### [Activity]
Starting with the line that has "Including a ebony" in the records below and stopping after the line that has "1215日,2017年广陵区", output every line exactly and nothing else; skip pictures.

### [The input]
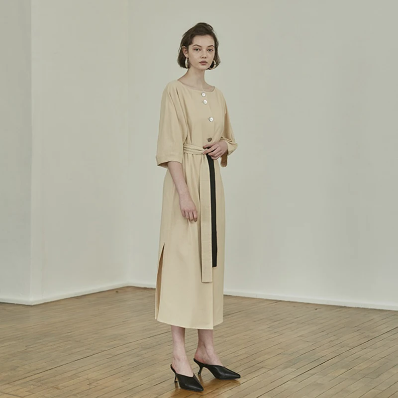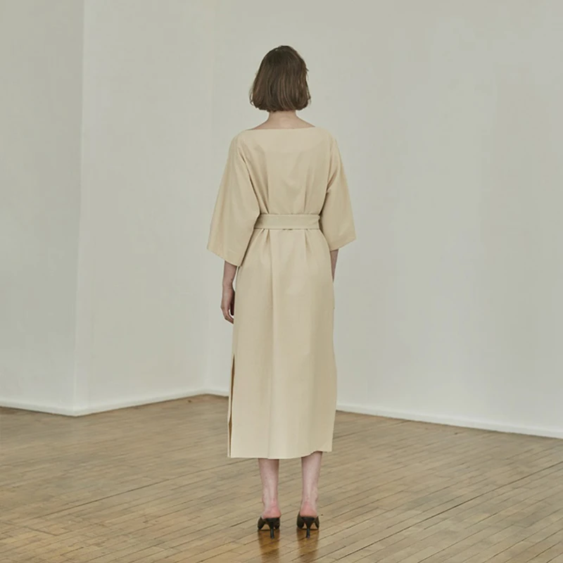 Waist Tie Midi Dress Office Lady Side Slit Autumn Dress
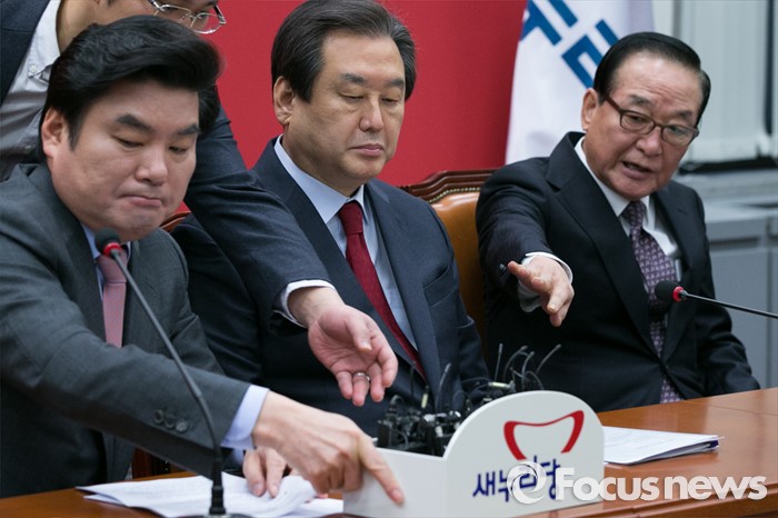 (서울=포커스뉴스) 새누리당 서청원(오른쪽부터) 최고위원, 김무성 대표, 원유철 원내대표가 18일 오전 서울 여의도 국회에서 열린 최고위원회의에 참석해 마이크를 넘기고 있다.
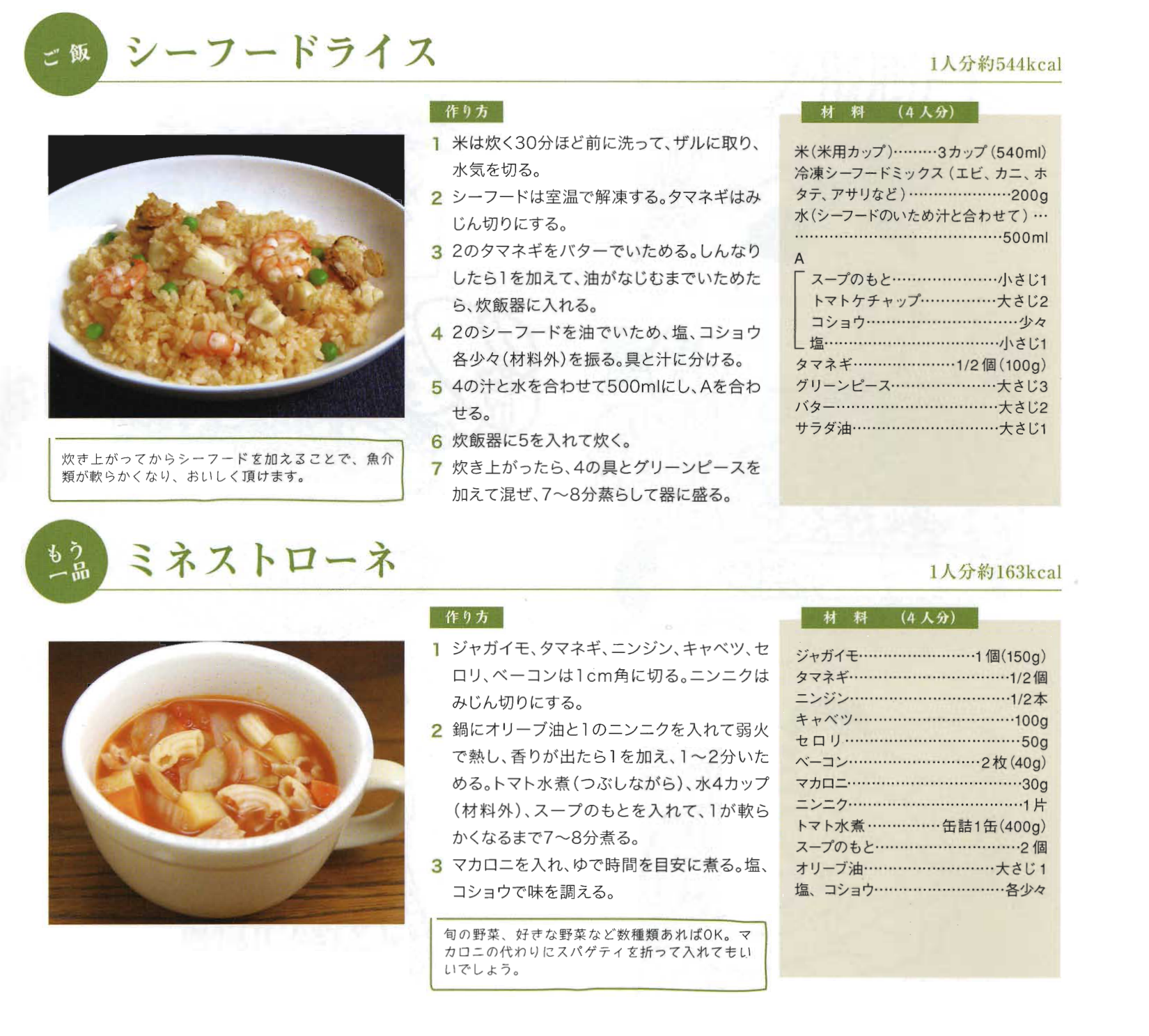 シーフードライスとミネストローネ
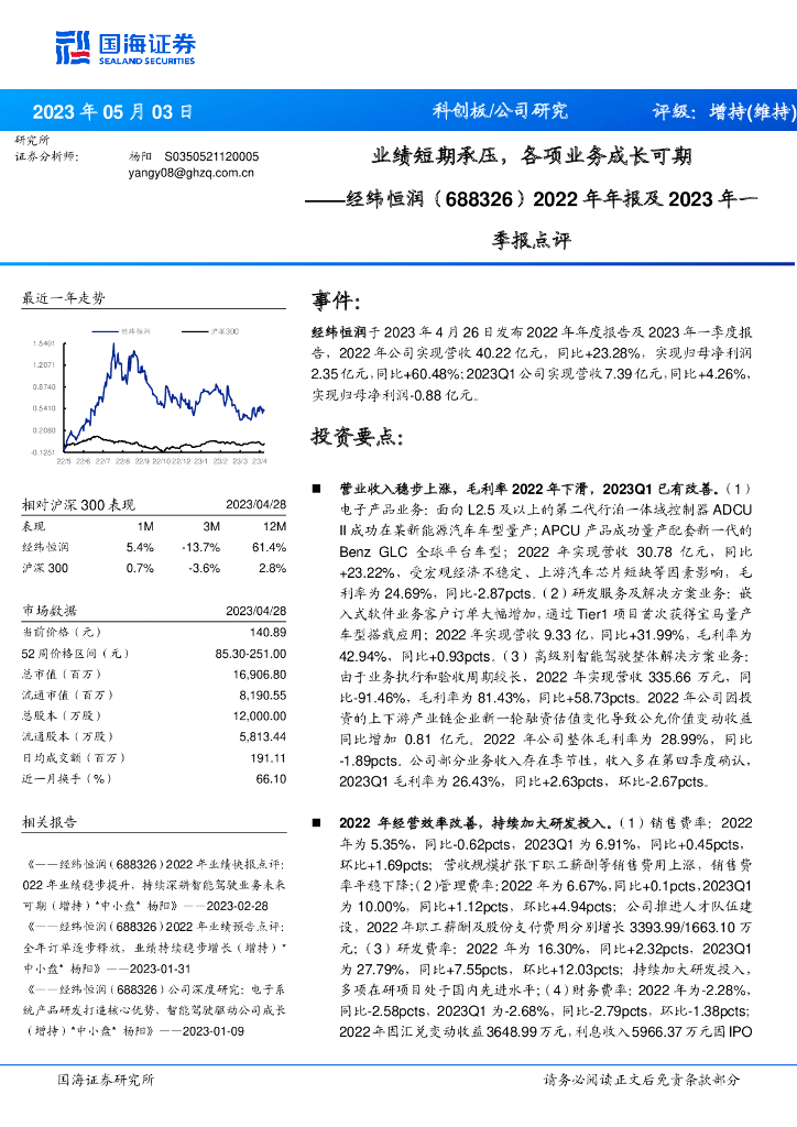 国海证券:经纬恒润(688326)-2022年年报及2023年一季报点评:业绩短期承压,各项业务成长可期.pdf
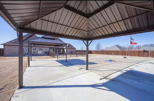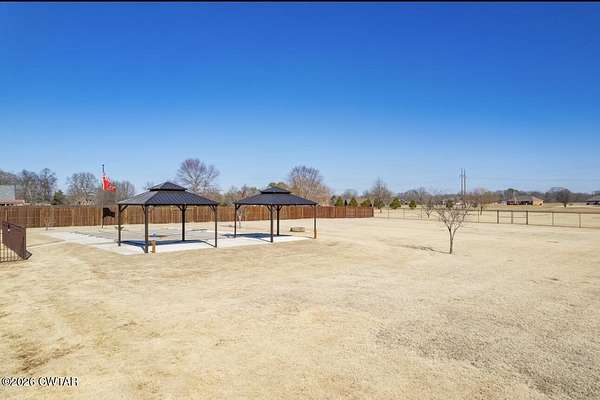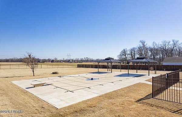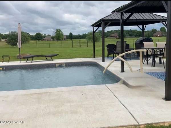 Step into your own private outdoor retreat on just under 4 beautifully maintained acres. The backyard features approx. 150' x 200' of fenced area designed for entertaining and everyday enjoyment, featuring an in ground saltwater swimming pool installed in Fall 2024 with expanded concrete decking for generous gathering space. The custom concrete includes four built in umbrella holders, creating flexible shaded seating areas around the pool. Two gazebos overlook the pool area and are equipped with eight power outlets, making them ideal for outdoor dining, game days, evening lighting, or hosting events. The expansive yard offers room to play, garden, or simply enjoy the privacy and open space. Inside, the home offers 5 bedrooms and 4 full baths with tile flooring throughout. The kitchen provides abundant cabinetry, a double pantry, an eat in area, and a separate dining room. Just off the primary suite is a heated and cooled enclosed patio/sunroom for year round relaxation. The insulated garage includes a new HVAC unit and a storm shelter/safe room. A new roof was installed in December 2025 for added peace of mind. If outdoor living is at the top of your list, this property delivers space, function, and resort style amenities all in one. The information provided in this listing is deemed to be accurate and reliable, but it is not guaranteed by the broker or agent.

==

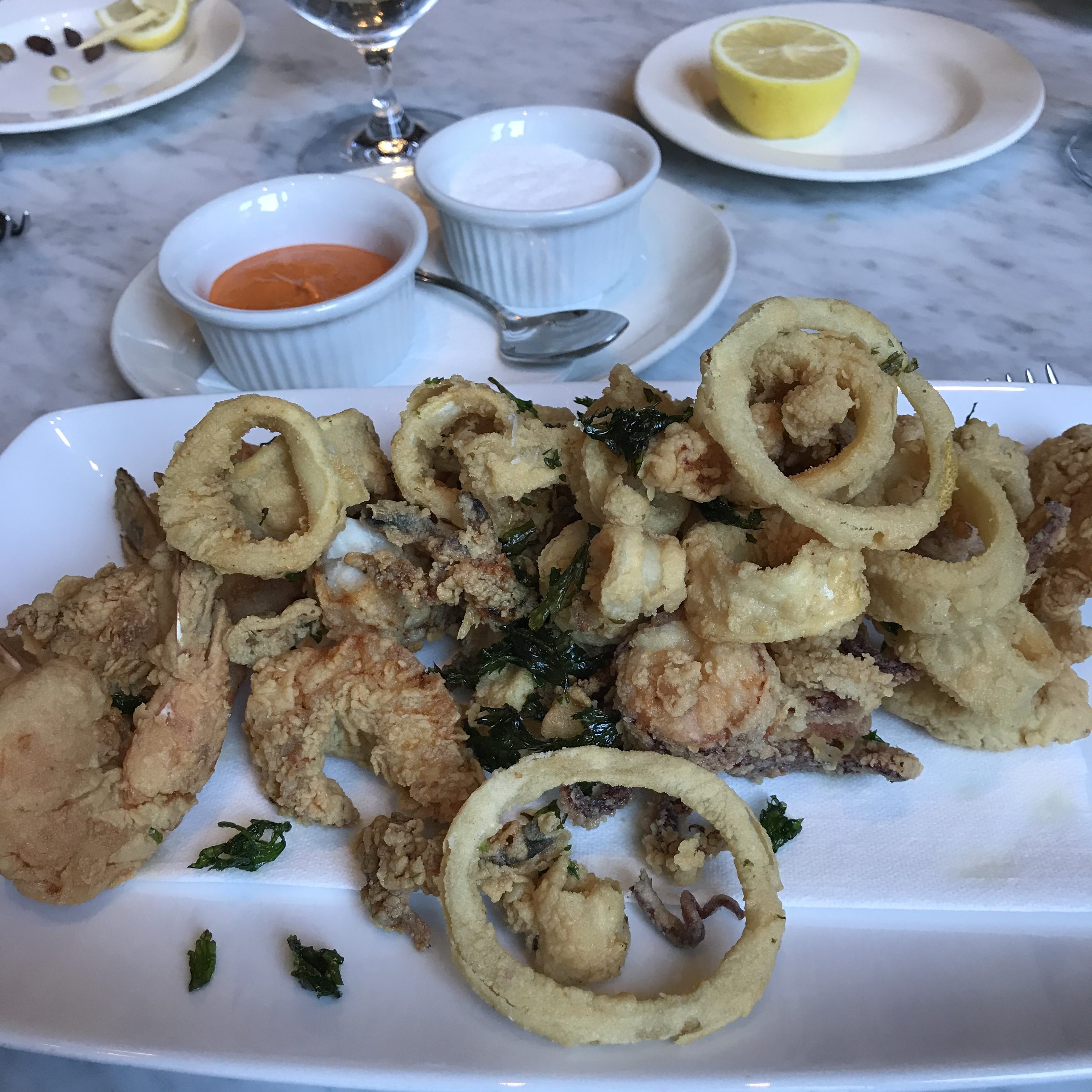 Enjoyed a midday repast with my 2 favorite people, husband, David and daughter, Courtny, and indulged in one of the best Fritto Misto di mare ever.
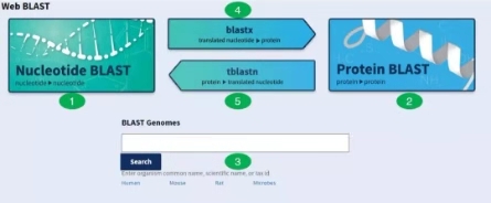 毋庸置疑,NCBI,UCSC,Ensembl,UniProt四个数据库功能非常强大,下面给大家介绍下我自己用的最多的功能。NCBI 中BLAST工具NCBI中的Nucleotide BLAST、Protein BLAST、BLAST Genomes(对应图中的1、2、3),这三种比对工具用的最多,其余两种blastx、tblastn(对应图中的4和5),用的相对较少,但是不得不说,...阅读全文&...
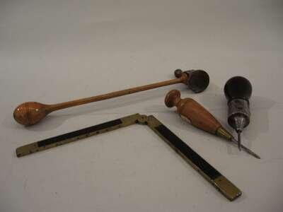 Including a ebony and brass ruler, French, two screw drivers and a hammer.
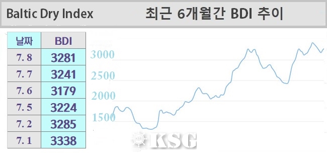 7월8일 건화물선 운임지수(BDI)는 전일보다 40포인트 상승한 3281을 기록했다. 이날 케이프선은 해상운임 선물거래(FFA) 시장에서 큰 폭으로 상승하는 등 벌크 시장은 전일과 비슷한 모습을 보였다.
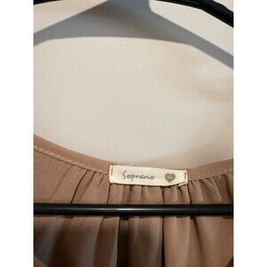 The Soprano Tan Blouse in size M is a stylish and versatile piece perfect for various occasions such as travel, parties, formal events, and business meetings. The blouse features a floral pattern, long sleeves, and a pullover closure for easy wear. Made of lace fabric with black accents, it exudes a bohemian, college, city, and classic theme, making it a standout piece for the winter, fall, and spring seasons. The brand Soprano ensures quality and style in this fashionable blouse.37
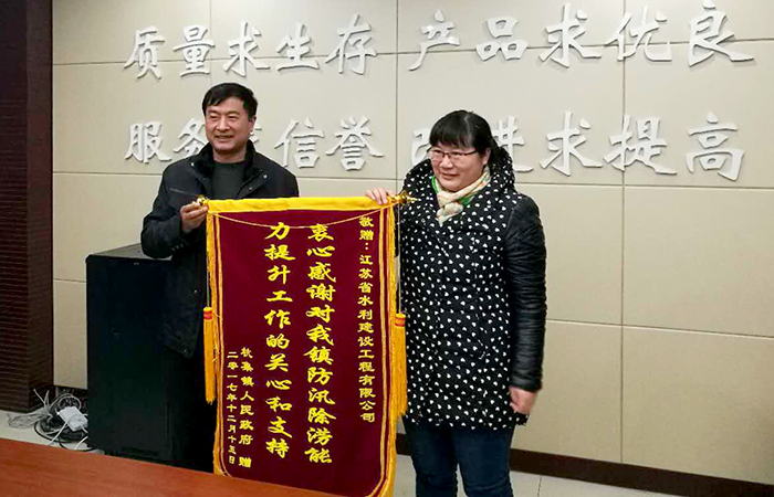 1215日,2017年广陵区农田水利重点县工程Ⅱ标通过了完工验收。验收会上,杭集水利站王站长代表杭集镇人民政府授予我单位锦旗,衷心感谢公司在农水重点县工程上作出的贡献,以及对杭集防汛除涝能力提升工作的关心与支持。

---

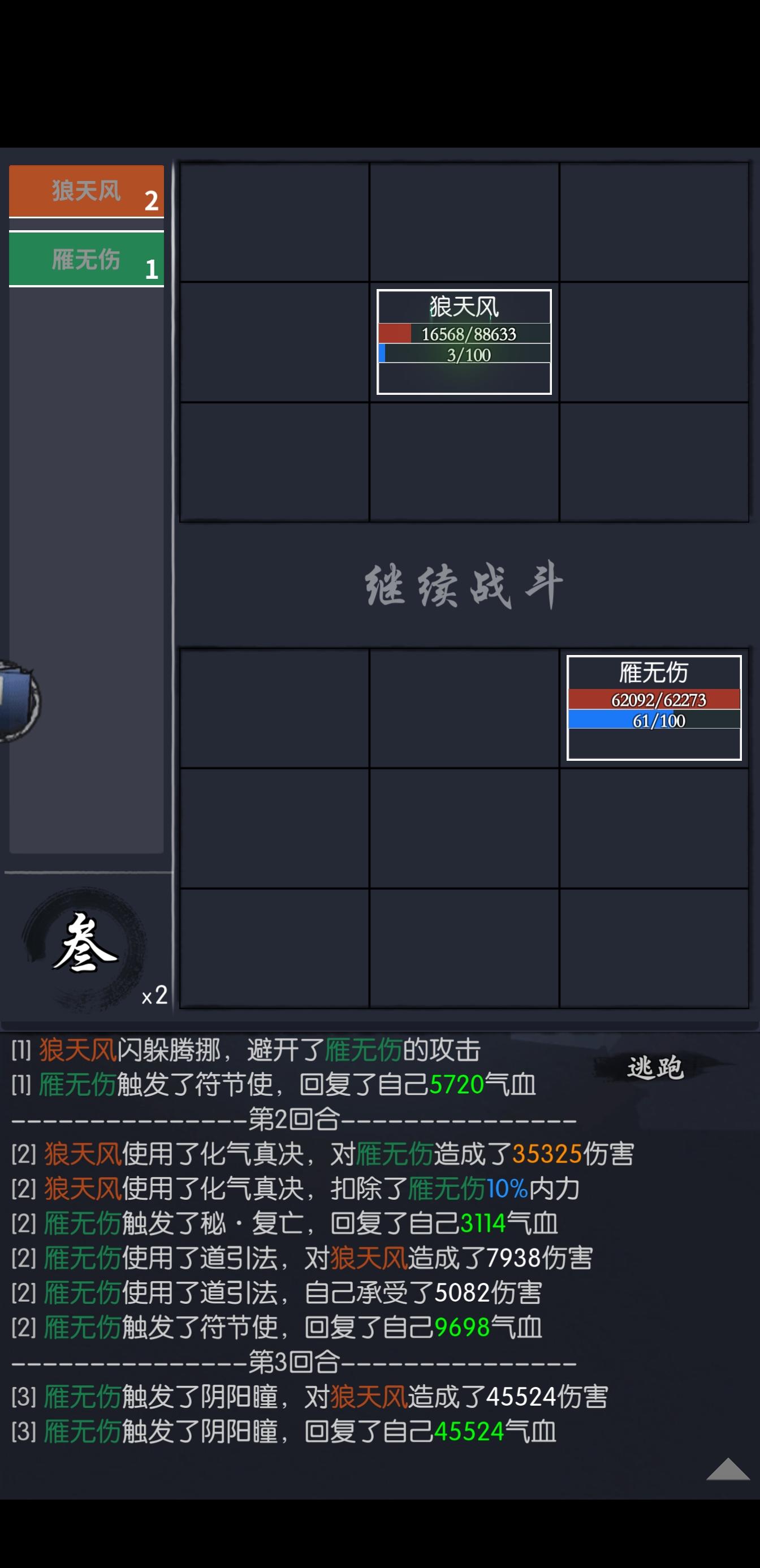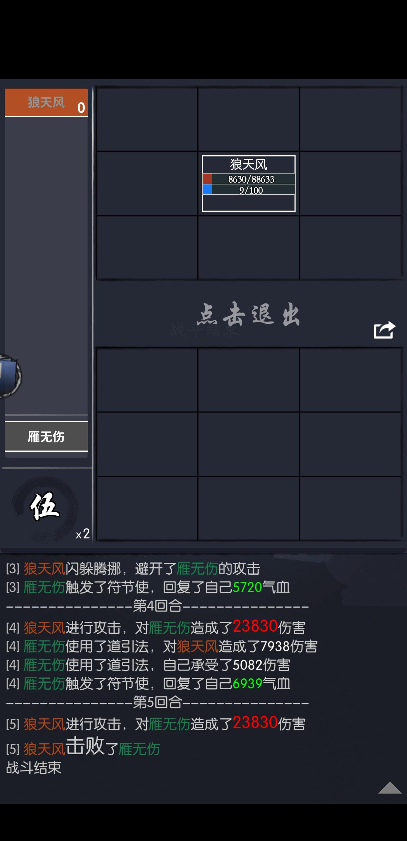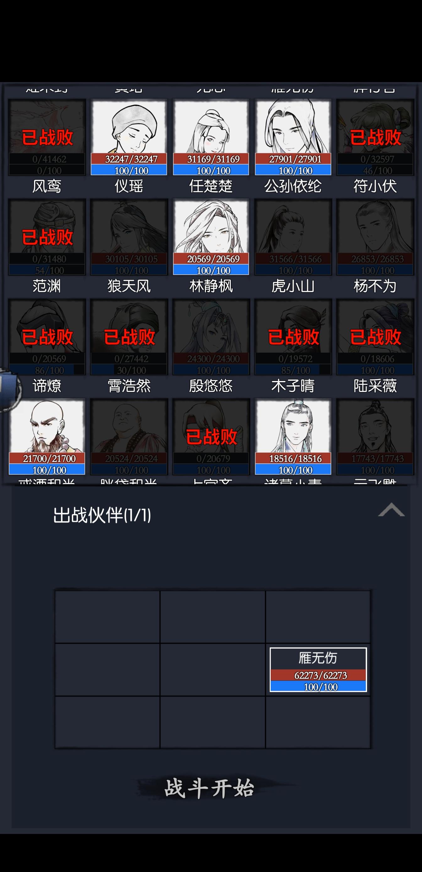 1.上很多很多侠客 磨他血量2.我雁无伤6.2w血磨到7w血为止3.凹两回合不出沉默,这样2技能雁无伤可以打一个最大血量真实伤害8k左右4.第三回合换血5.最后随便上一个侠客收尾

### [Your response]
 Including a ebony and brass ruler, French, two screw drivers and a hammer.
 7월8일 건화물선 운임지수(BDI)는 전일보다 40포인트 상승한 3281을 기록했다. 이날 케이프선은 해상운임 선물거래(FFA) 시장에서 큰 폭으로 상승하는 등 벌크 시장은 전일과 비슷한 모습을 보였다.
 The Soprano Tan Blouse in size M is a stylish and versatile piece perfect for various occasions such as travel, parties, formal events, and business meetings. The blouse features a floral pattern, long sleeves, and a pullover closure for easy wear. Made of lace fabric with black accents, it exudes a bohemian, college, city, and classic theme, making it a standout piece for the winter, fall, and spring seasons. The brand Soprano ensures quality and style in this fashionable blouse.37
 1215日,2017年广陵区农田水利重点县工程Ⅱ标通过了完工验收。验收会上,杭集水利站王站长代表杭集镇人民政府授予我单位锦旗,衷心感谢公司在农水重点县工程上作出的贡献,以及对杭集防汛除涝能力提升工作的关心与支持。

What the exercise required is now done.